I'm saying no one, even during the 'globalization' of the early 20th century, was in a comparable scenario. So, no, the same general rules don't really apply. We don't have to take from someone else to grow our economy. There isn't a finite global GDP pie. We aren't a tiny population militarily subjugating our far-flung lands and drawing revenue from them. For every 'similarity' you can cite, it can either be reduced or off-set by a long line of differences.
Ask a person responsible for production if he's ever seen a product that couldn't be produced as designed. Ask someone responsible for maintenance what good design is.
There is a certain amount of feedback that goes on between production and design that is essential to innovation.
He sure did a number on the steel industry back in the 70's and 80's. Ask the average LTV retiree how he likes his pension these days.
I work in R&D for a multinational manufacturer. Our R&D site was inside our most productive plant in the U.S. and we had a great relationship with engineering and production. When they closed the plant and shipped manufacturing to Mexico, quality took a big hit, but we made more money with a 50% yield there than a 98% yield here. The problem came when R&D needed to give engineering support for operations in Mexico. It took me almost 2 years to get something done that would have been a 3 week project because of the pure incompetence of the Mexican facility to follow simple instructions. They do things in a way that's easy for each individual department without regard to the downstream effect on the rest of the operation. For R&D development, they basically did what they wanted and ignored the entire protocol. That meant doing things over and over and over. The article is spot on. No manufacturing here, then R&D gets disconnected from reality.
You have no idea what you're talking about, IMO.
Creating ready, willing and able consumers will have more positive results for our economy.
I recently read that 100% cashmere sweaters made in China are only $22.00.
I guess to your way of thinking, that means all the people in our soup lines will be warmer wearing one.
You think that there is little market for subway cars?

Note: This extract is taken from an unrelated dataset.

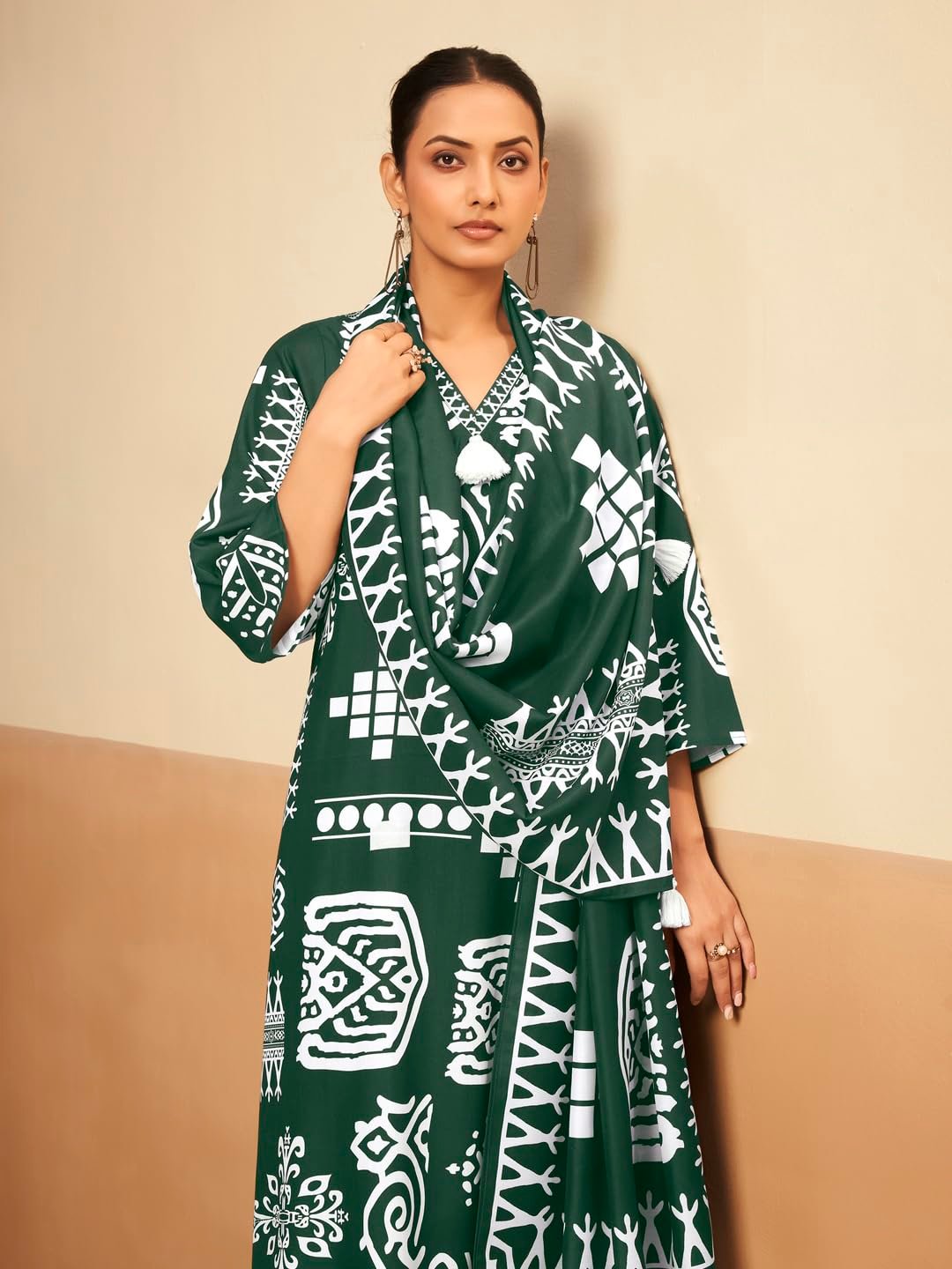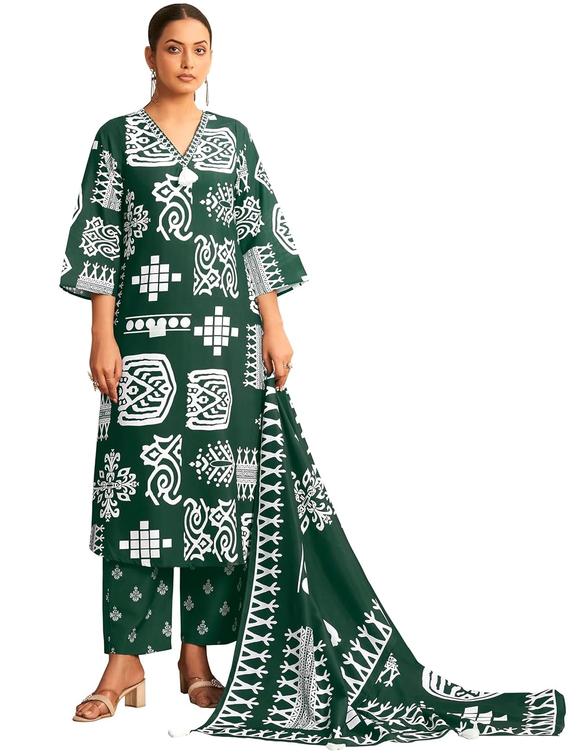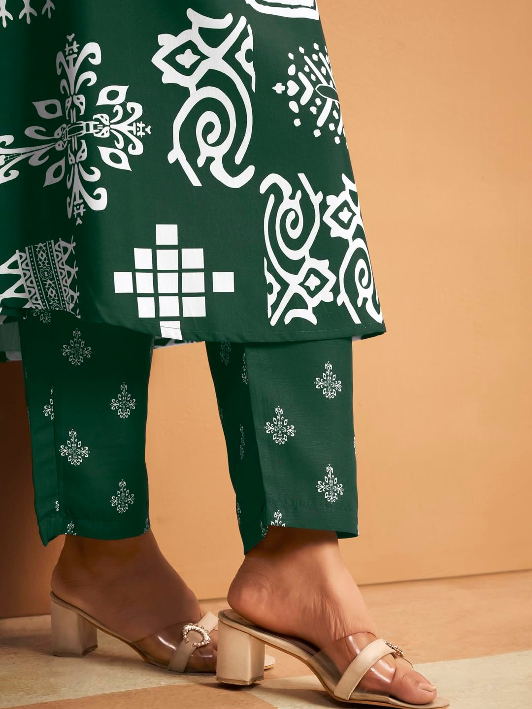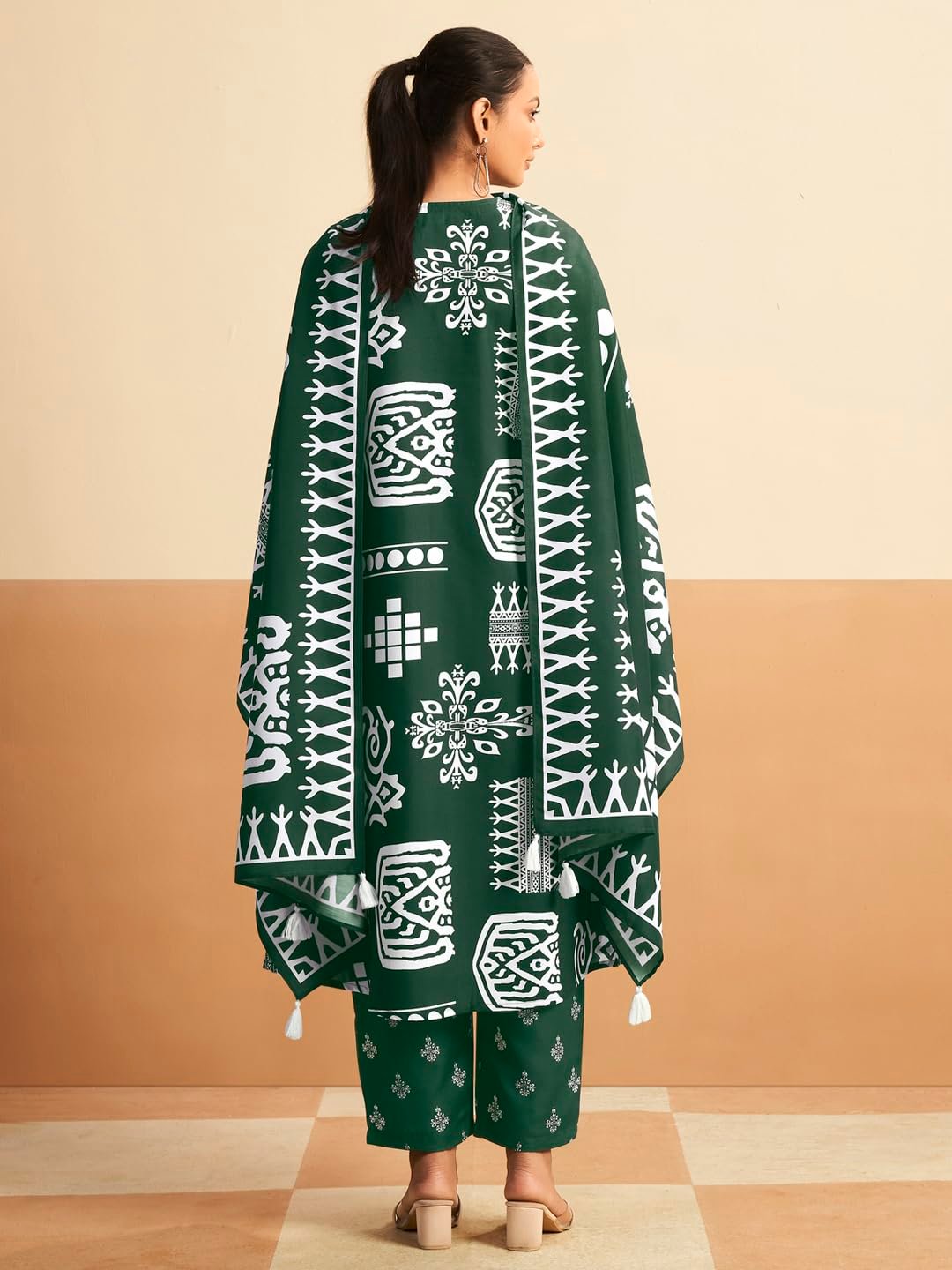 Pinkmint Women’s Printed Cotton Blend Kurta Pant with Silk D…
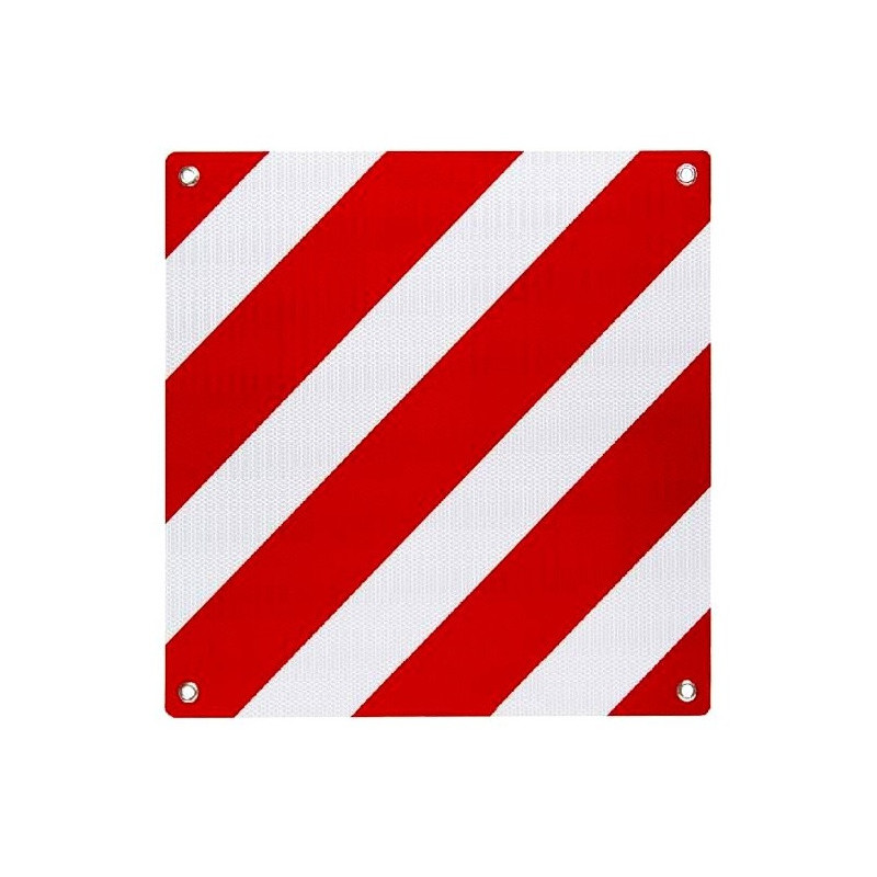 Approved and mandatory plate for the signaling of the load that protrudes through the rear part of the vehicle.

I think you're mistaken.
Yep.
They probably never even read it.
"The last company I did drawings for, sent their drawings to China, who sent back the parts to here, where this company hired all temps to assemble the parts at less than $10 an hour, to then send the parts back to China for final assembly into refrigerators for resale in the U.S.!!"
The Chinese have zero respect for intellectual property. The time will come, when they beat you to market with a knockoff of your own product. I hear it time and again from my customers who are sourcing in China. In certain instances, it's gotten so bad that the knockoff is perceived as the original.
Yep. Hysterics about "shipping our good highpaying jobs overseas" was a plank in the Walter Mondale platform, 1984.